Some were stung by the Hawaii 5.0 episode after one of the playoff games. Be aware that a new episode of Glee is after the Superbowl. Look at your local guides (Mountain and Central time zones especially) and adjust appropriately. Gllee does not seem like a show that would necessarily add football fans as new viewers.


----------



## mattack

...it's supposedly airing at 7:30 Pacific.. Obviously add a lot of pre-and post padding. (Well, IIRC it only lets you add 10 minutes of pre-padding, so maybe a long manual recording would do.)


----------



## MikeMar

haha, make a 5 hour manual recording block


----------



## That Don Guy

Okay, this was six years ago, but when Fox aired the Super Bowl in 2005, the show that followed it started at 10:45 Eastern.

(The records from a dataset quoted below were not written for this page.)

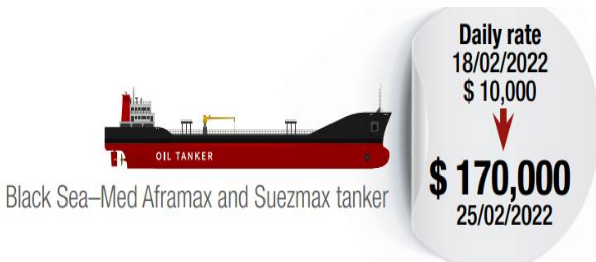
Зураг 1: Aframax болон Suezmax танкер хөлөг онгоц орлого

Хар тэнгис болон Балтийн тэнгисийн бүсийн нефтийн худалдааны гол тээвэрлэгч болох жижиг хөлөг онгоцнуудын тээврийн зардалд аль хэдийн хүчтэй савалгаа харагдаж эхлэв. Хар тэнгист далайн тээвэр хийдэг Aframax болон Suezmax танкер хөлөг онгоцны орлого 2022 оны 2-р сарын 18-нд өдөрт ойролцоогоор $10,000 байсан бол 2022 оны 2-р сарын 25-нд $170,000 гаруй ам.доллар болж өссөн байна. Үндсэн ачаа тээврийн зардал 400 орчим хувиар өссөн байна. Зураг 1-т харуулав.
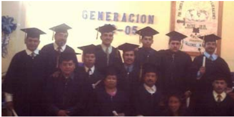
Generación 2004 - 2005

En ocho meses usted puede graduar con una Licenciatura de la Universidad Bautista de Louisiana.
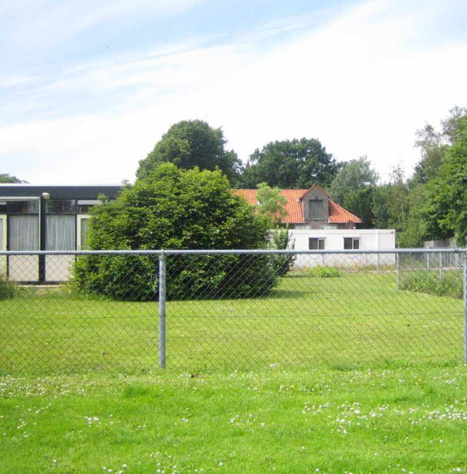
◀ St. Jozefpark vanaf het oosten
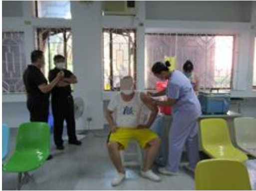
收容學生流感疫苗接種

Don't forget about the possibility of overtime in the game.

I am a little surprised there are no current plans to repeat the episode in February, considering (a) a large chunk of the fanbase is young kids, (b) even if it airs "as scheduled", it won't end until 11:30 PM in the Eastern time zone, and (c) it's a school night, so a lot of these kids will be depending on their DVRs.

-- Don


----------



## lambertman

The ep itself has also been extended to 66 minutes.


----------



## sieglinde

Why do they do this? Put something males between the ages of 18-49 would enjoy.


----------



## SNJpage1

The show is going to have a football theme. The Glee club gets together with the football team to do a half time show. Music is a mash up of MJ's Thriller and another song I never heard of. Every one is dressed as zombies. Here is a link to a photo and the song.
http://www.tvsquad.com/2011/01/31/glee-preview-listen-to-the-full-thriller-heads-will-roll/


----------



## sinanju

sieglinde said:


> Why do they do this? Put something males between the ages of 18-49 would enjoy.


The difference between Glee and the Superbowl?

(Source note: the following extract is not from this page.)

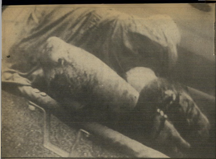
מדריך אלדובי פרוכטור וקואי תימוני

● הארץ: טיול הדמים: בת 15 נהרגה מפגעי עת אבן בראשה. צה"ל: המסלול לא תואם עימי נג" (הארץ לא סיפר גם בארבע שורות של כותרות-מישנה שנדרגו במקום ערבים). ● דבר: "מאמצים למנוע פעולות נקם בעיקבות רצח תירצה פורת. קריאה להלווייה המונית היום." ● עול המישר: "תקרית דמים בין כפריים למתנחלים: נערה מאילון-מורה נהרגה באבן, 2 תושבים נורו למוות." ● גרוסלם פוסט: "שני ערבים נהרגו בהתנגי שות בכפר — נערה מתנחלת סוקלה למוות." אף שכמה מן העיתונים היו פחות היסטריים מהאחרים, אף עיתון אחד לא מילא את תפקידו לנסח כותרת שתמנע היסטריה. כפי שהסתבר חיש מהר, אף כותרת אחת לא היתה נכונה. כל העורכים ידעו, כמובן, שאין בידיהם שום מידע ברזק, וכי הם ניוונים על תעמולת המתנחלים. רוב העיתונים התייחסו אל מות הערבים כאל עובדה שולית או מבוטלת, לעומת "רצח היהודיה".
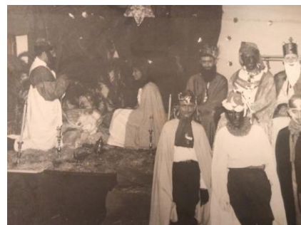
Representación navideña

One has football players, cheerleaders, pop songs, and a strong ****-erotic undercurrent...

... and the other one is Glee.


----------



## sieglinde

LOL!!!! 
Superbowl this year has no cheerleaders.


----------



## SNJpage1

If they aren't going to have cheerleaders then they better have some sexy commercials.


----------



## Jeeters

Without trying to spoil anything, I heard the episode opens with cheerleaders doing a number in bikinis, specifically done to try and get the superbowl males to stick around and watch.


----------



## jsmeeker

Jeeters said:


> Without trying to spoil anything, I heard the episode opens with cheerleaders doing a number in bikinis, specifically done to try and get the superbowl males to stick around and watch.


I watch Glee anyway, but this will be nice.


----------



## That Don Guy

sieglinde said:


> Why do they do this? Put something males between the ages of 18-49 would enjoy.

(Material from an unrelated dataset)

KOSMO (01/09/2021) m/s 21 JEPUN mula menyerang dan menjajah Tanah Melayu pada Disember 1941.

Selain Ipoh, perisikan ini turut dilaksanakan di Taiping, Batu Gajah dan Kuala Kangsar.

And for Fox, that would be...what, exactly?

Here's the list of Fox's post-Super Bowl shows:
1996 - The X-Files
1999 - the premiere of Family Guy, followed by a Simpsons Super Bowl episode
2002 - hour-long Malcolm in the Middle
2005 - a Simpsons Super Bowl episode (Homer and Flanders put together the halftime show, "and in the second half, points count double"), followed by the premiere of American Dad
2008 - House



Jeeters said:


> Without trying to spoil anything, I heard the episode opens with cheerleaders doing a number in bikinis, specifically done to try and get the superbowl males to stick around and watch.


Here is a clip to the opening number.

-- Don


----------



## SorenTodd

lambertman said:


> The ep itself has also been extended to 66 minutes.


Thank you for this heads up. Of course, I was going to super-pad on both ends. I love me some Glee.


----------



## jlb

an image from the Katy Perry song:










and from the Thriller mashup










and this one.....










ooooops, sorry, that was a random hot pic of Lea Michelle


----------



## jsmeeker

Lea Michelle is also performing before the start of the Super Bowl. Not exactly sure what. I don't think it's the National Anthem, though.


----------



## jlb

........annnnnnnnnnnnnnnnnd in hindsight, who knew she was going to be so awesome while at the same time Xtina was so......um.........craptacular.


----------